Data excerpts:
▬▬▬▬▬▬

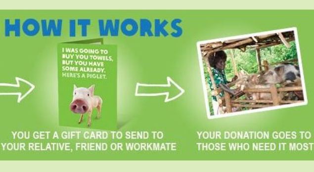 Kiwis can choose a gift for their loved one from a catalogue of items needed in developing communities – the donation goes towards the people in those communities and their loved one receives a card describing the gift and the difference it will make.
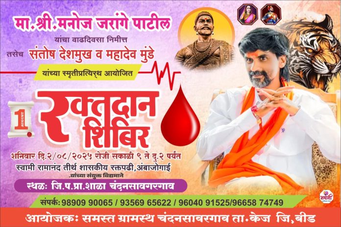 केज तालुक्यातील चंनसावरगाव येथे अठरापगड जाती बरोबर घेऊन चालणारा संघर्ष योद्धा मा .श्री. मनोज जरांगे पाटील यांच्या वाढदिवसानिमित्त चंदन सावरगाव येथे रक्तदान शिबिराचा मोठा कार्यक्रम आयोजित करण्यात आलेला आहे तरी आपली उपस्थिती दाखवून कार्यक्रमाची शोभा वाढवावी ठिकाण जिल्हा परिषद शाळा चंदन सावरगाव येथे वेळ ठीक सकाळी ९ ते ५ वाजेपर्यंत शिबिर चालू राहणार आहे या विषयी सविस्तर वृत्त असे की चंनसावरगाव येथे अठरापगड जाती बरोबर घेऊन चालणारा संघर्ष योद्धा मा .श्री. मनोज जरांगे पाटील यांच्या वाढदिवसानिमित्त चंदन सावरगाव येथे रक्तदान शिबिराचा मोठा कार्यक्रम आयोजित करण्यात आलेला आहे तरी आपली उपस्थिती दाखवून कार्यक्रमाची शोभा वाढवावी ठिकाण जिल्हा परिषद शाळा चंदन सावरगाव येथे वेळ ठीक सकाळी ९ ते ५ वाजेपर्यंत शिबिर चालू राहणार आहे असे आयोजकांनी सांगितले आहे.
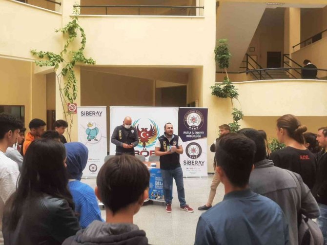 Muğla Emniyet Müdürlüğü'ne bağlı Güvenlik Şube, Terörle Mücadele ve Siber Suçlarla Mücadele Şube Müdürlüğü, Siberay Projesi kapsamında Muğla'nın 13 ilçesinde gençlerle ve öğrencilerle bir araya gelerek çeşitli suçlar konusunda bilgilendirme faaliyetlerine devam ediyor.
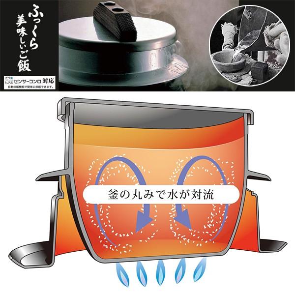 釜の持つ丸みのある形は、加熱した時に理想的な対流を起こし、ご飯を美味しく仕上げます。
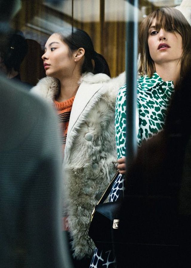MAGISCH VONEINANDER ANGEZOGEN: Kunstfelljacke von Tommy Hilfiger Collection; orangefarbener Strickpullover von Miu Miu; Leopardenbluse und Rock, beides von Miu Miu; Handtasche von Longchamp.
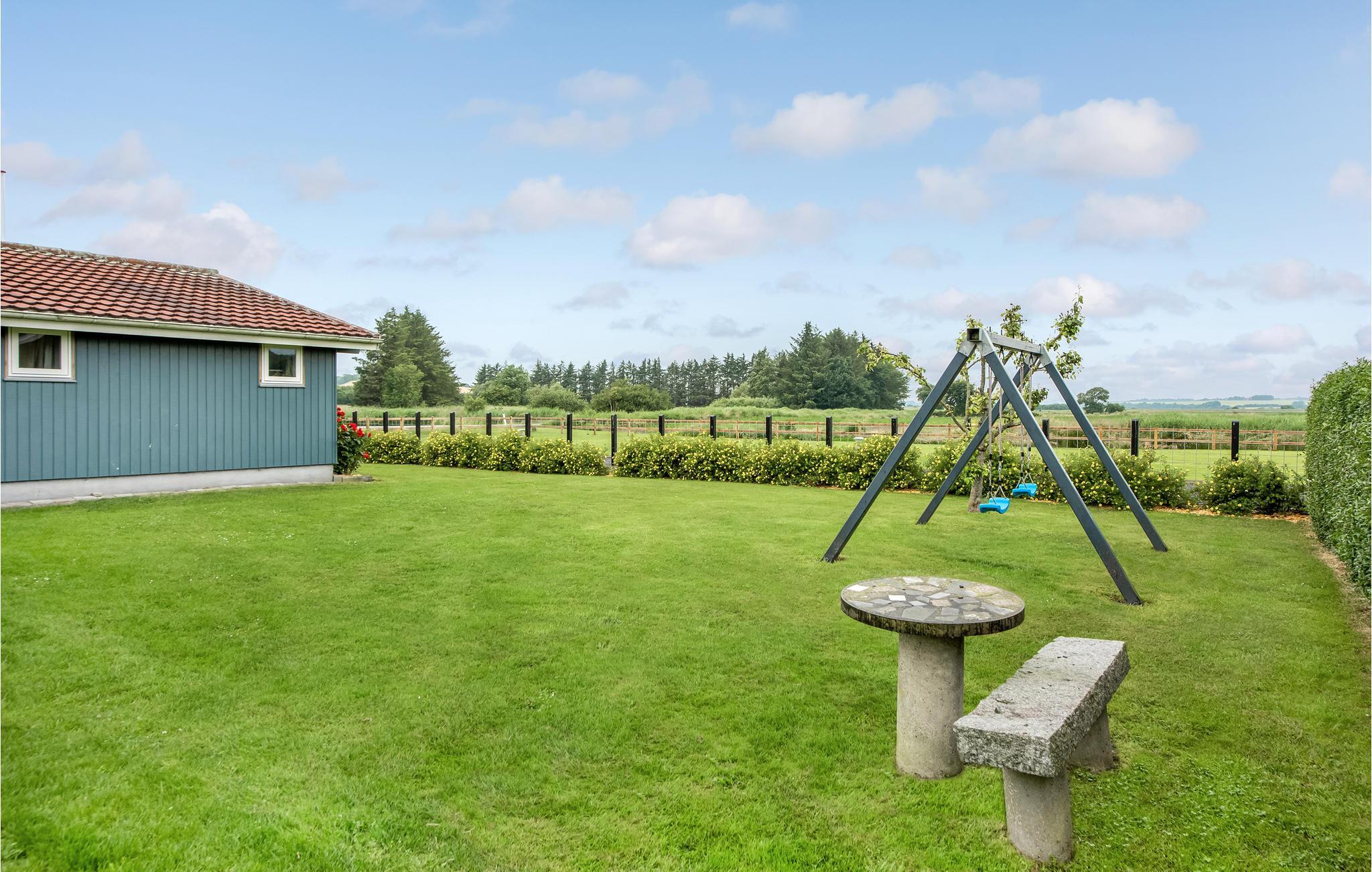 Gezellig vakantiehuis op Diernæs Strand, vlakbij het strand met moderne voorzieningen en tuin voor ontspanning.
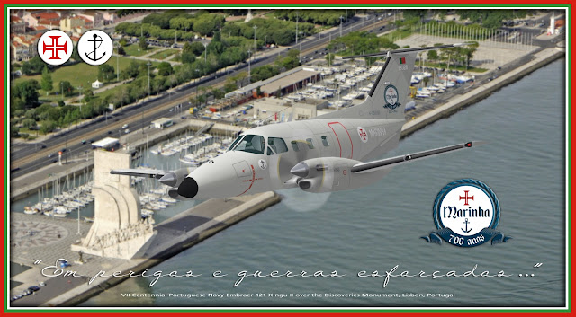 | Embraer EMB-121B Xingu II Portuguese Navy VII Centennial over the Discoveries monument, Lisbon, Portugal |
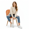 Denne spisestolen er mye mer enn bare en sitteplass; det er en stiluttalelse. Enten det er ved et tradisjonelt spisebord eller i en mer moderne setting, integrerer denne stolen seg sømløst og tilfører en touch av nordisk forfining. Denne stolen er polstret i mykt og luksuriøst fløyel, noe som tilfører en touch av sofistikasjon til rommet ditt, enten det er hjemme eller på et luksushotell, en designerrestaurant eller et venterom. Metallbenene med sin naturlige tre-look-finish gir stolen et varmt og jordnært element, som harmonisk kontrasterer med fløyelen og skaper en balansert estetikk.
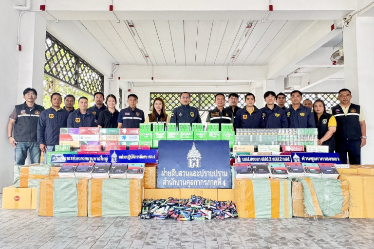 กรมศุลฯภ.4 กวาดล้างต่อเนื่องทุกเดือน จับอายัดบุหรี่ไฟฟ้า-บุหรี่เถื่อน ล็อตใหญ่ มูลค่า 7 ล้านที่ขนส่งเอกชนสงขลา
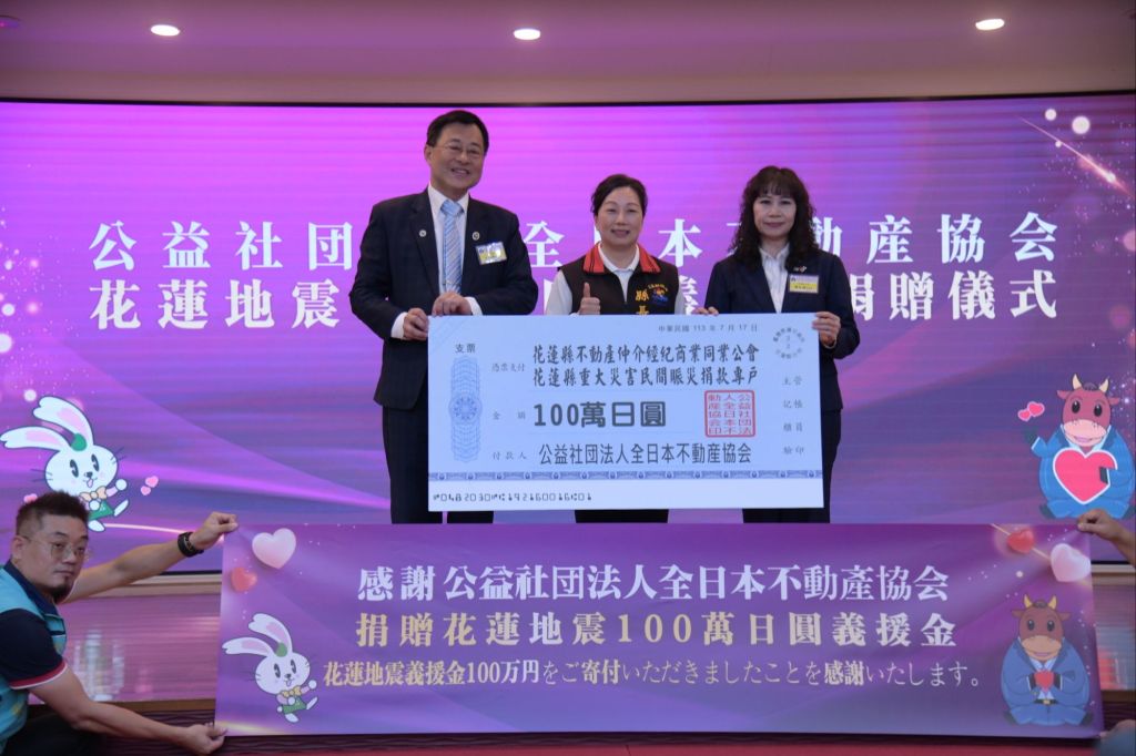 會中由房仲全聯會理事長王瑞祺代表公益社團法人全日本不動產協會,將義援金100萬日圓支票交予花蓮縣公會理事長韓林梅,花蓮縣長徐榛蔚亦代表花蓮鄉親,將伴手禮贈予房仲全聯會王理事長及全體理監事,感謝房仲全聯會的善心義舉,以實際行動挺花蓮,為震後經濟復甦提供重要支持。
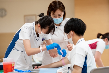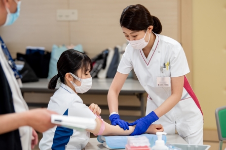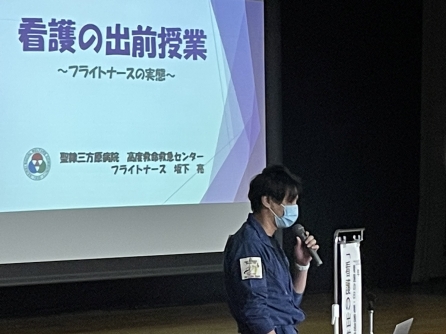 高校生に向けての出前授業はフライトナースの坂下さんが行きました。フライトナースの役割や業務内容、大切にしていることなど伝え、高校生の皆さんが一生懸命メモをとる姿が印象的だったと江上次長談。当院でも夏に近隣地域の高校生など受け入れるふれあい看護体験行います。お待ちしています。
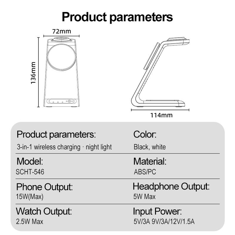 Product name:3 in 1strong magnetic wireless charger stand with Soft nightlights
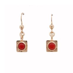 Boucles d'oreilles légèrement pendante en argent blanc 925 représentant deux fleurs, une petite et une grande marguerite chacune avec un cabochon rond en corail rouge de méditerranée.
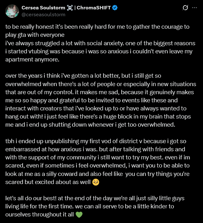>>109813384Cersea, you are grown up woman with dating experience, I can't take this shit seriously kekGetting emotional over district V of all things, "muh anxiety". My god what has small corpo vtubing descended to
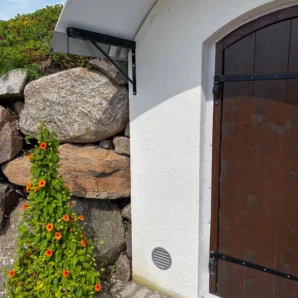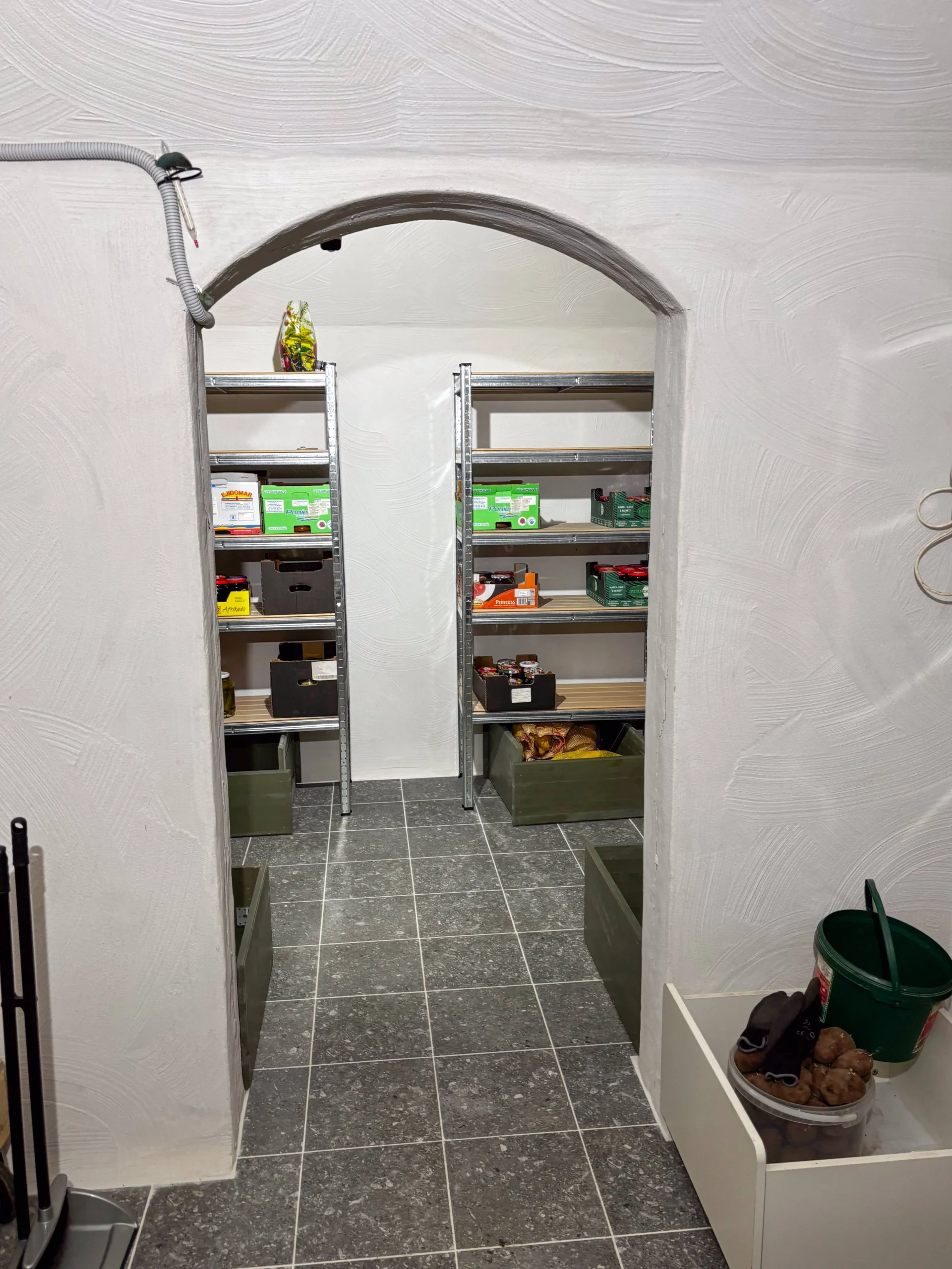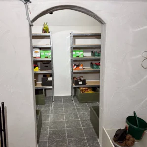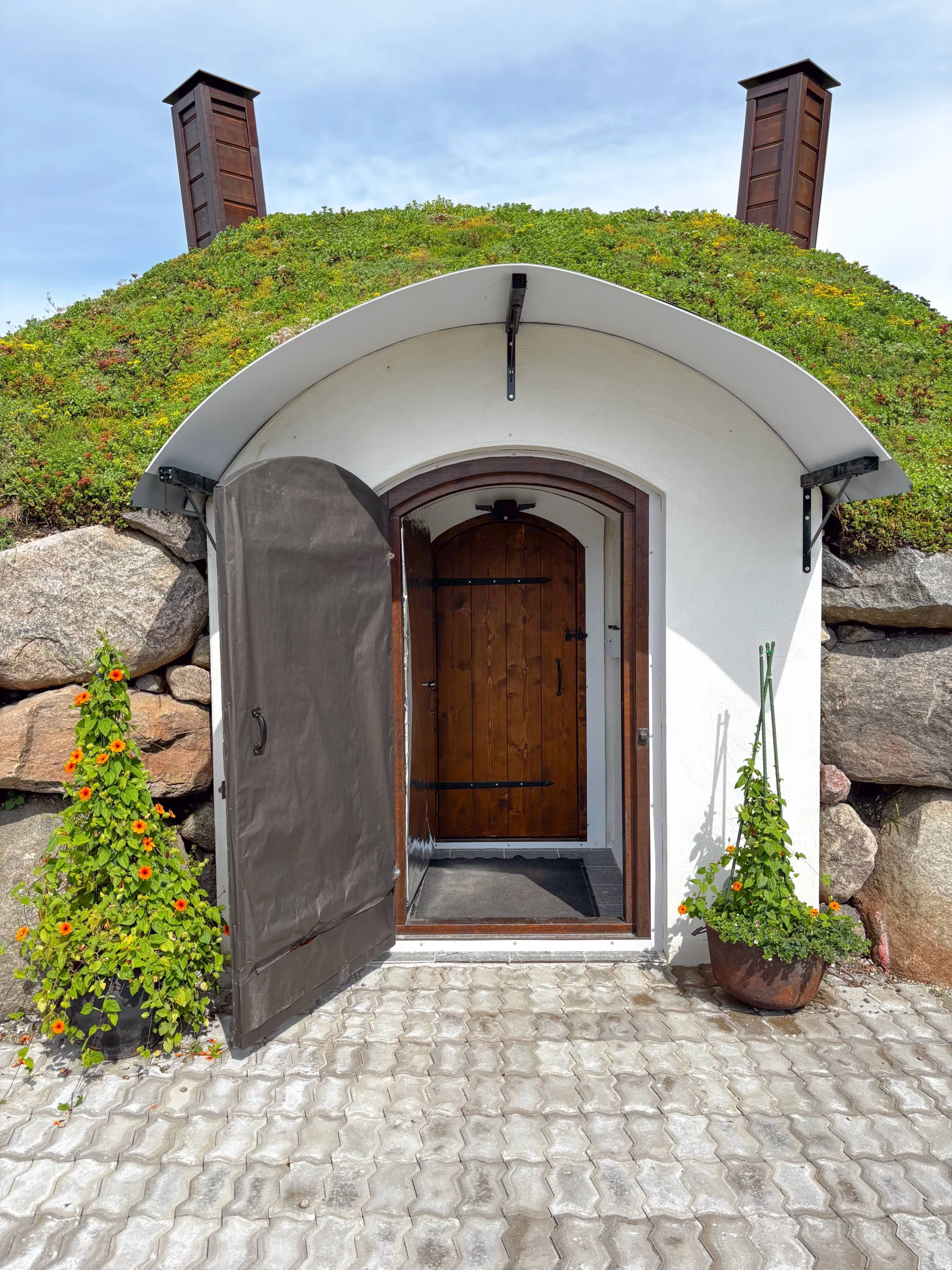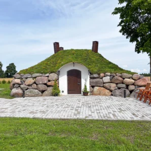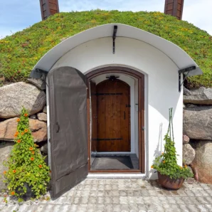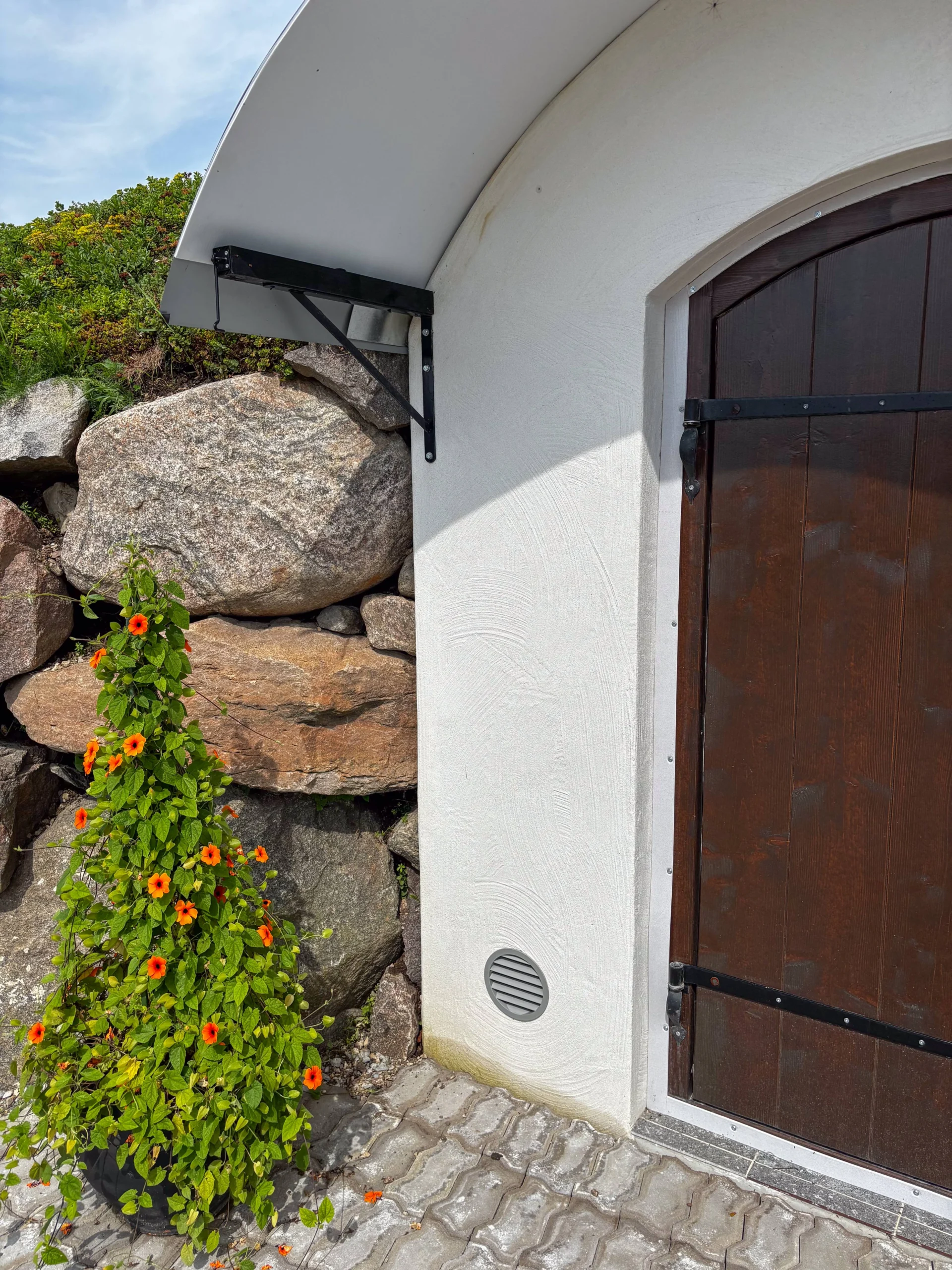 Orissaares asuv maakelder on ehe näide sellest, kuidas traditsiooniline käsitöö, looduslikud materjalid ja kaasaegne esteetika võivad luua koha, mis tundub ühtaegu nii ajatu kui ka uudne. Keldri kaarjas sissepääs on viimistletud heleda krohviga ning seda raamib tume puituks – elegantne kontrast, mis toob esile nii materjalide loomuliku ilu kui ka käsitööna valminud detaile. Ukse kõrvale paigutatud lillepott lisab kodusust ja värvi, pehmendades robustset kivimüüri. Keldri katust katavad kukeharjamatid, mis loovad elava ja hooldusvaba rohelise pinna. Need taimed muudavad keldri maastiku loomulikuks osaks ning tagavad suurepärase soojustuse — temperatuur püsib aastaringi ühtlaselt jahedana.

▬▬▬▬▬▬

> [THE PROBLEM] From the first line to the last, write out the data exactly, omitting any pictures.

> [WORKED SOLUTION]
 Kiwis can choose a gift for their loved one from a catalogue of items needed in developing communities – the donation goes towards the people in those communities and their loved one receives a card describing the gift and the difference it will make.
 केज तालुक्यातील चंनसावरगाव येथे अठरापगड जाती बरोबर घेऊन चालणारा संघर्ष योद्धा मा .श्री. मनोज जरांगे पाटील यांच्या वाढदिवसानिमित्त चंदन सावरगाव येथे रक्तदान शिबिराचा मोठा कार्यक्रम आयोजित करण्यात आलेला आहे तरी आपली उपस्थिती दाखवून कार्यक्रमाची शोभा वाढवावी ठिकाण जिल्हा परिषद शाळा चंदन सावरगाव येथे वेळ ठीक सकाळी ९ ते ५ वाजेपर्यंत शिबिर चालू राहणार आहे या विषयी सविस्तर वृत्त असे की चंनसावरगाव येथे अठरापगड जाती बरोबर घेऊन चालणारा संघर्ष योद्धा मा .श्री. मनोज जरांगे पाटील यांच्या वाढदिवसानिमित्त चंदन सावरगाव येथे रक्तदान शिबिराचा मोठा कार्यक्रम आयोजित करण्यात आलेला आहे तरी आपली उपस्थिती दाखवून कार्यक्रमाची शोभा वाढवावी ठिकाण जिल्हा परिषद शाळा चंदन सावरगाव येथे वेळ ठीक सकाळी ९ ते ५ वाजेपर्यंत शिबिर चालू राहणार आहे असे आयोजकांनी सांगितले आहे.
 Muğla Emniyet Müdürlüğü'ne bağlı Güvenlik Şube, Terörle Mücadele ve Siber Suçlarla Mücadele Şube Müdürlüğü, Siberay Projesi kapsamında Muğla'nın 13 ilçesinde gençlerle ve öğrencilerle bir araya gelerek çeşitli suçlar konusunda bilgilendirme faaliyetlerine devam ediyor.
 釜の持つ丸みのある形は、加熱した時に理想的な対流を起こし、ご飯を美味しく仕上げます。
MAGISCH VONEINANDER ANGEZOGEN: Kunstfelljacke von Tommy Hilfiger Collection; orangefarbener Strickpullover von Miu Miu; Leopardenbluse und Rock, beides von Miu Miu; Handtasche von Longchamp.
 Gezellig vakantiehuis op Diernæs Strand, vlakbij het strand met moderne voorzieningen en tuin voor ontspanning.
 | Embraer EMB-121B Xingu II Portuguese Navy VII Centennial over the Discoveries monument, Lisbon, Portugal |
 Denne spisestolen er mye mer enn bare en sitteplass; det er en stiluttalelse. Enten det er ved et tradisjonelt spisebord eller i en mer moderne setting, integrerer denne stolen seg sømløst og tilfører en touch av nordisk forfining. Denne stolen er polstret i mykt og luksuriøst fløyel, noe som tilfører en touch av sofistikasjon til rommet ditt, enten det er hjemme eller på et luksushotell, en designerrestaurant eller et venterom. Metallbenene med sin naturlige tre-look-finish gir stolen et varmt og jordnært element, som harmonisk kontrasterer med fløyelen og skaper en balansert estetikk.
 กรมศุลฯภ.4 กวาดล้างต่อเนื่องทุกเดือน จับอายัดบุหรี่ไฟฟ้า-บุหรี่เถื่อน ล็อตใหญ่ มูลค่า 7 ล้านที่ขนส่งเอกชนสงขลา
 會中由房仲全聯會理事長王瑞祺代表公益社團法人全日本不動產協會,將義援金100萬日圓支票交予花蓮縣公會理事長韓林梅,花蓮縣長徐榛蔚亦代表花蓮鄉親,將伴手禮贈予房仲全聯會王理事長及全體理監事,感謝房仲全聯會的善心義舉,以實際行動挺花蓮,為震後經濟復甦提供重要支持。
 高校生に向けての出前授業はフライトナースの坂下さんが行きました。フライトナースの役割や業務内容、大切にしていることなど伝え、高校生の皆さんが一生懸命メモをとる姿が印象的だったと江上次長談。当院でも夏に近隣地域の高校生など受け入れるふれあい看護体験行います。お待ちしています。
 Product name:3 in 1strong magnetic wireless charger stand with Soft nightlights
 Boucles d'oreilles légèrement pendante en argent blanc 925 représentant deux fleurs, une petite et une grande marguerite chacune avec un cabochon rond en corail rouge de méditerranée.
>>109813384Cersea, you are grown up woman with dating experience, I can't take this shit seriously kekGetting emotional over district V of all things, "muh anxiety". My god what has small corpo vtubing descended to
 Orissaares asuv maakelder on ehe näide sellest, kuidas traditsiooniline käsitöö, looduslikud materjalid ja kaasaegne esteetika võivad luua koha, mis tundub ühtaegu nii ajatu kui ka uudne. Keldri kaarjas sissepääs on viimistletud heleda krohviga ning seda raamib tume puituks – elegantne kontrast, mis toob esile nii materjalide loomuliku ilu kui ka käsitööna valminud detaile. Ukse kõrvale paigutatud lillepott lisab kodusust ja värvi, pehmendades robustset kivimüüri. Keldri katust katavad kukeharjamatid, mis loovad elava ja hooldusvaba rohelise pinna. Need taimed muudavad keldri maastiku loomulikuks osaks ning tagavad suurepärase soojustuse — temperatuur püsib aastaringi ühtlaselt jahedana.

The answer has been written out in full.